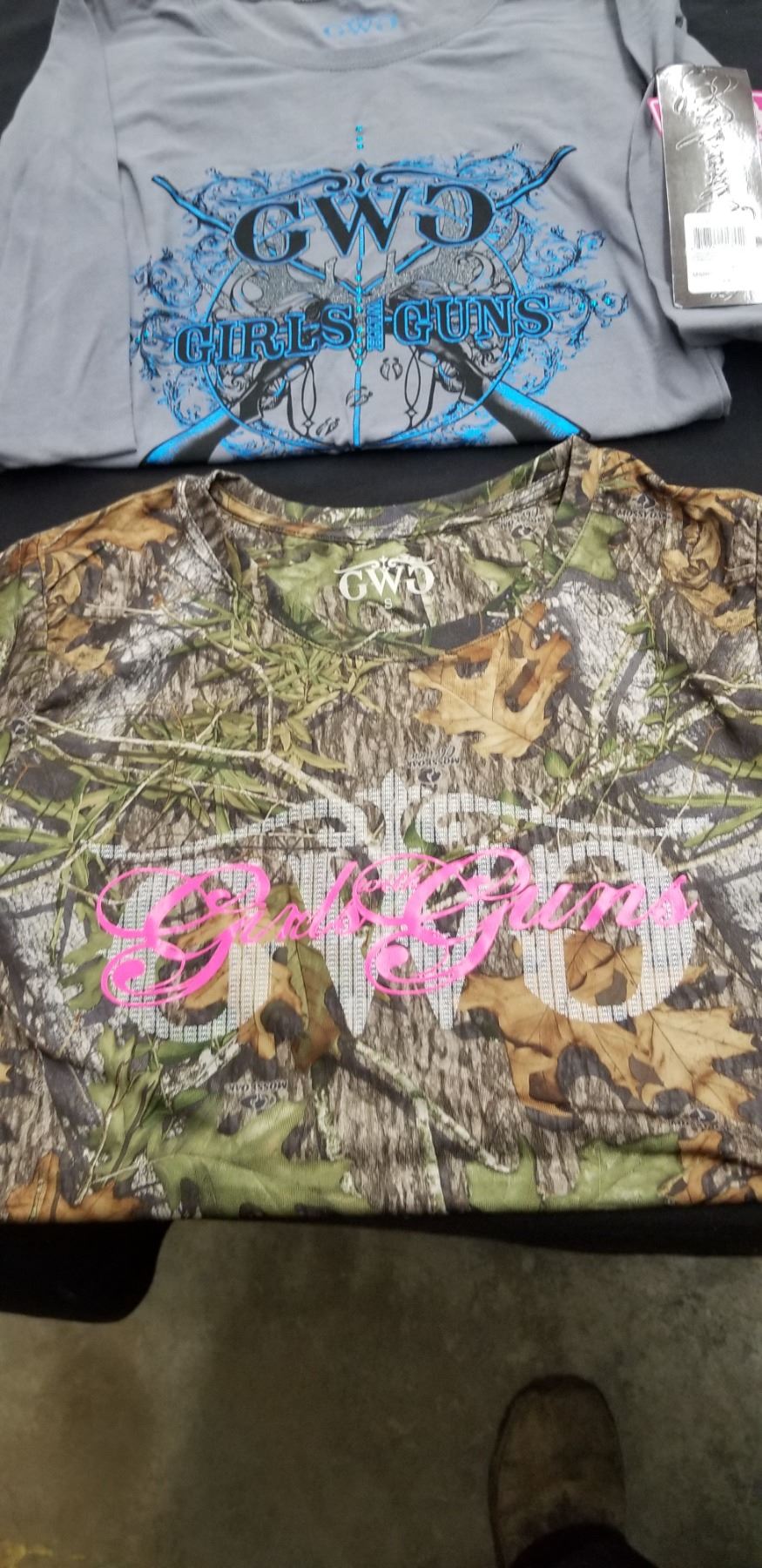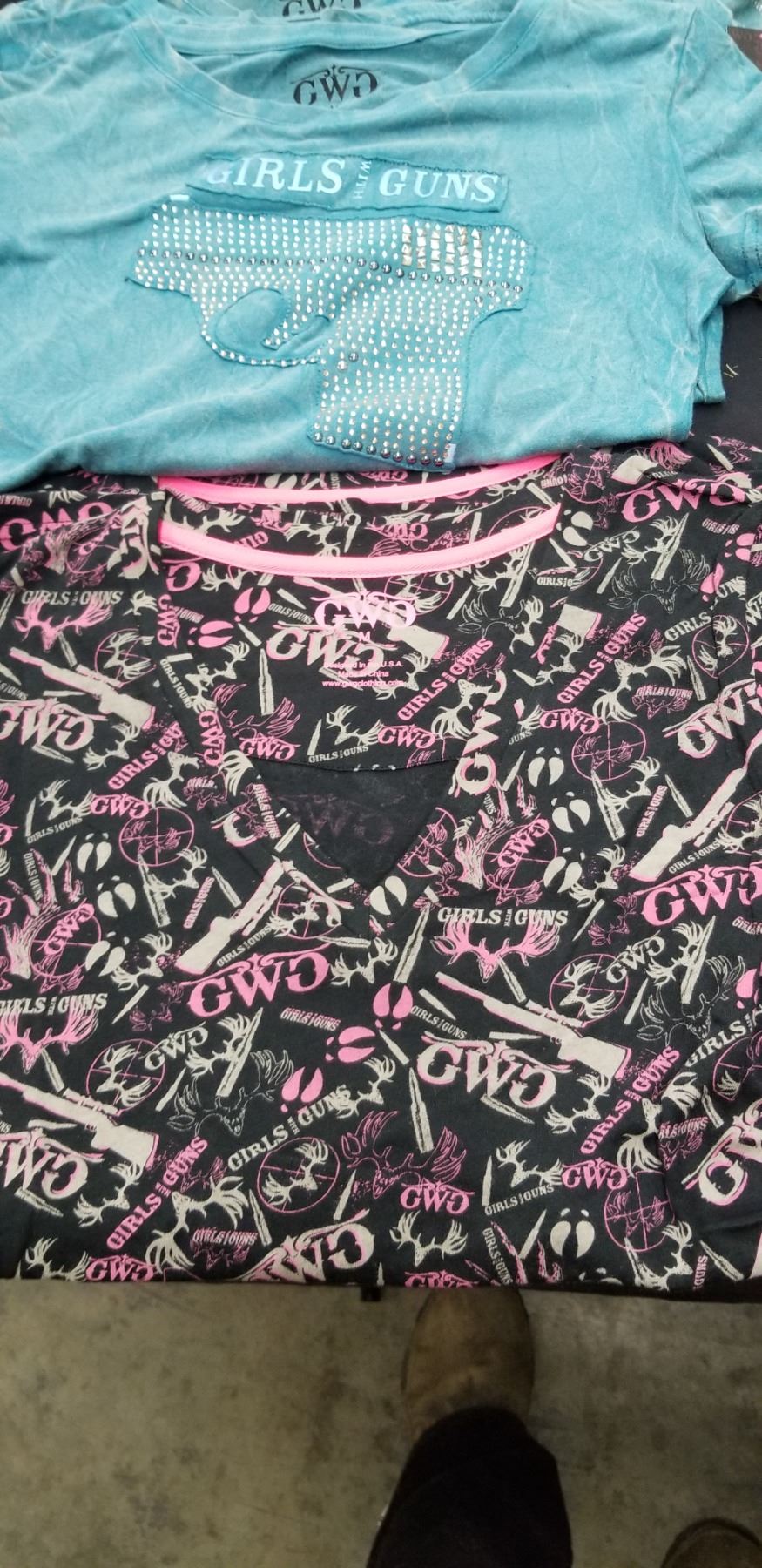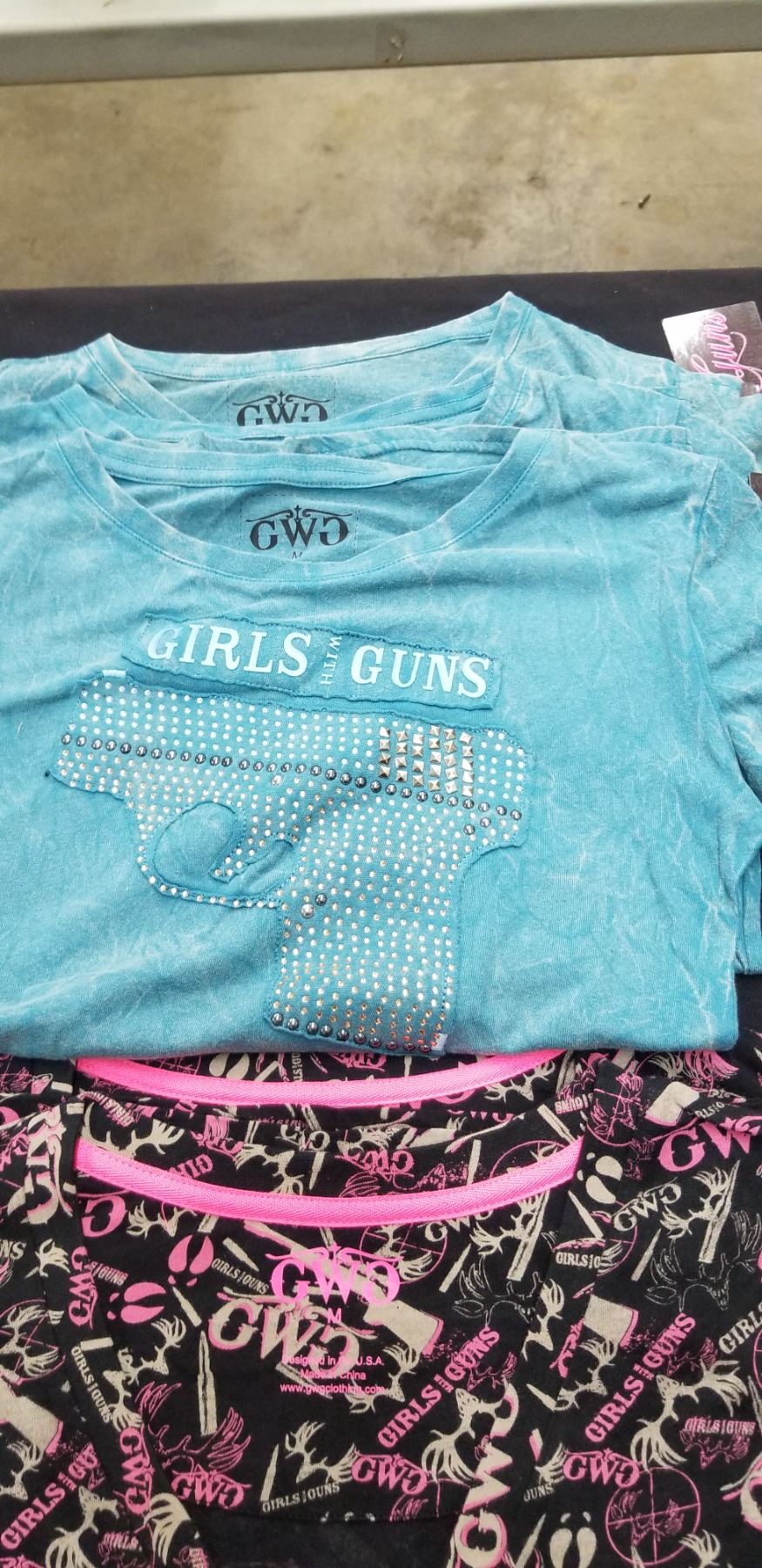 GIRLS WITH GUNS ASSORTED SM X 2, MED X 8, L X 2. RETAIL VALUE $470
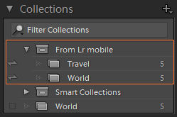 Previously synced Lightroom Photos and collections in Lightroom for mobile. Previously synced Lightroom Photos and collections in Lightroom for mobile. Catalog panel in Lightroom desktop; all the synced photos in the 'Lightroom Photos' view in Lightroom for mobile (left) are added to 'All Synced Photographs' in the Catalog panel. Catalog panel in Lightroom desktop; all the synced photos in the 'Lightroom Photos' view in Lightroom for mobile (left) are added to 'All Synced Photographs' in the Catalog panel. Collections panel in Lightroom desktop; all the synced collections are downloaded under 'From Lightroom mobile' collection set in the Collections panel. Collections panel in Lightroom desktop; all the synced collections are downloaded under 'From Lightroom mobile' collection set in the Collections panel. - All the synced collections are downloaded under From Lightroom mobile collection set in the Collections panel.
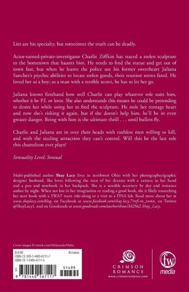 Lies are his specialty, but sometimes the truth can be deadly. Actor turned private investigator Charlie Ziffkin has traced a stolen sculpture to the hometown that haunts him. He needs to find the statue and get out of town fast, but when he learns the police use his former sweetheart Juliana Sanchez's psychic abilities to locate stolen goods, their reunion seems fated. He loved her as a boy; as a man with a terrible secret, he has to let her go. Juliana knows firsthand how well Charlie plays whatever role suits him, whether P.I. or lover, so he could be pretending to desire her while using her to find the sculpture. He stole her teenage heart and now she's risking it again, but if she doesn't help him, he'll be in even greater danger. Being with him is the ultimate thrill . . . until bullets fly. Charlie and Juliana are in over their heads with ruthless men willing to kill, and with the sizzling attraction they can't control. Will this be the last role this chameleon ever plays? Sensuality Level: Sensual
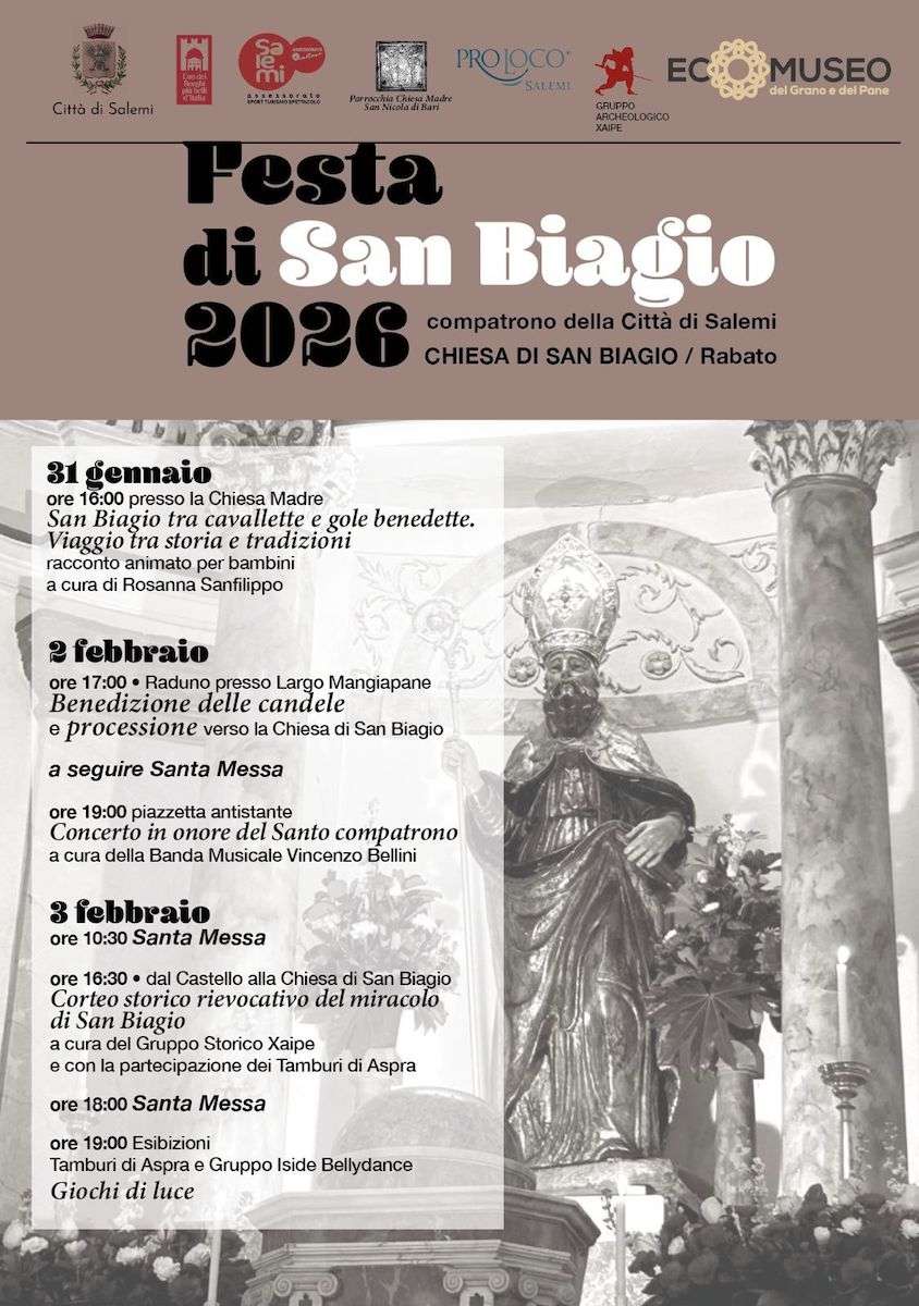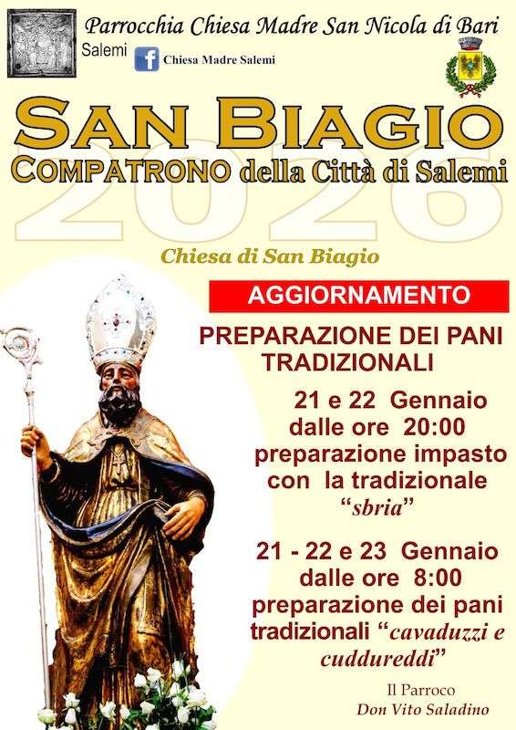 La Festa di San Biagio di Salemi è molto sentita da tutta la comunità che con grande devozione si prepara all’evento in anticipo. Circa un mese prima della Festa di San Biagio a Salemi, le donne del quartiere arabo denominato “Rabato” iniziano la lavorazione dei caratteristici pani, che verranno benedetti durante la Messa e donati ai fedeli nel giorno dedicato a San Biagio.
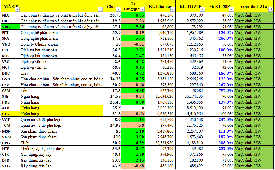 Danh sách cổ phiếu đạt đỉnh 52 tuần cho thấy sóng ngành đang ở ngân hàng, bất động sản, vận tải, hóa chất.
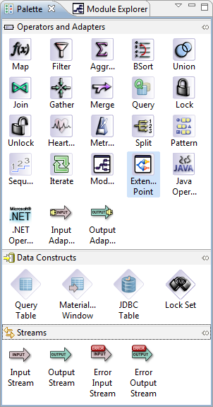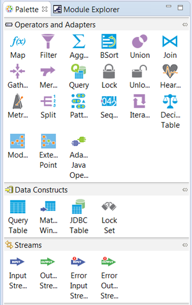 In release 7.4, the palette icons for Java Operators, Input Adapters, Output Adapters, and the .NET operator have been removed. Instead, find all those items by dragging the icon (highlighted above left) to the canvas and selecting the operator or adapter you need by selecting it in the Global folder in the Insert Operator or Adapter GUI and then clicking .

◇ ◇ ◇ ◇

▶ [What you will do]: Only the pictures are to be excluded; all other parts of the records above are to be given exactly.

▶ [Answer section]:
 GIRLS WITH GUNS ASSORTED SM X 2, MED X 8, L X 2. RETAIL VALUE $470
 Previously synced Lightroom Photos and collections in Lightroom for mobile. Previously synced Lightroom Photos and collections in Lightroom for mobile. Catalog panel in Lightroom desktop; all the synced photos in the 'Lightroom Photos' view in Lightroom for mobile (left) are added to 'All Synced Photographs' in the Catalog panel. Catalog panel in Lightroom desktop; all the synced photos in the 'Lightroom Photos' view in Lightroom for mobile (left) are added to 'All Synced Photographs' in the Catalog panel. Collections panel in Lightroom desktop; all the synced collections are downloaded under 'From Lightroom mobile' collection set in the Collections panel. Collections panel in Lightroom desktop; all the synced collections are downloaded under 'From Lightroom mobile' collection set in the Collections panel. - All the synced collections are downloaded under From Lightroom mobile collection set in the Collections panel.
 Lies are his specialty, but sometimes the truth can be deadly. Actor turned private investigator Charlie Ziffkin has traced a stolen sculpture to the hometown that haunts him. He needs to find the statue and get out of town fast, but when he learns the police use his former sweetheart Juliana Sanchez's psychic abilities to locate stolen goods, their reunion seems fated. He loved her as a boy; as a man with a terrible secret, he has to let her go. Juliana knows firsthand how well Charlie plays whatever role suits him, whether P.I. or lover, so he could be pretending to desire her while using her to find the sculpture. He stole her teenage heart and now she's risking it again, but if she doesn't help him, he'll be in even greater danger. Being with him is the ultimate thrill . . . until bullets fly. Charlie and Juliana are in over their heads with ruthless men willing to kill, and with the sizzling attraction they can't control. Will this be the last role this chameleon ever plays? Sensuality Level: Sensual
 La Festa di San Biagio di Salemi è molto sentita da tutta la comunità che con grande devozione si prepara all’evento in anticipo. Circa un mese prima della Festa di San Biagio a Salemi, le donne del quartiere arabo denominato “Rabato” iniziano la lavorazione dei caratteristici pani, che verranno benedetti durante la Messa e donati ai fedeli nel giorno dedicato a San Biagio.
 Danh sách cổ phiếu đạt đỉnh 52 tuần cho thấy sóng ngành đang ở ngân hàng, bất động sản, vận tải, hóa chất.
 In release 7.4, the palette icons for Java Operators, Input Adapters, Output Adapters, and the .NET operator have been removed. Instead, find all those items by dragging the icon (highlighted above left) to the canvas and selecting the operator or adapter you need by selecting it in the Global folder in the Insert Operator or Adapter GUI and then clicking .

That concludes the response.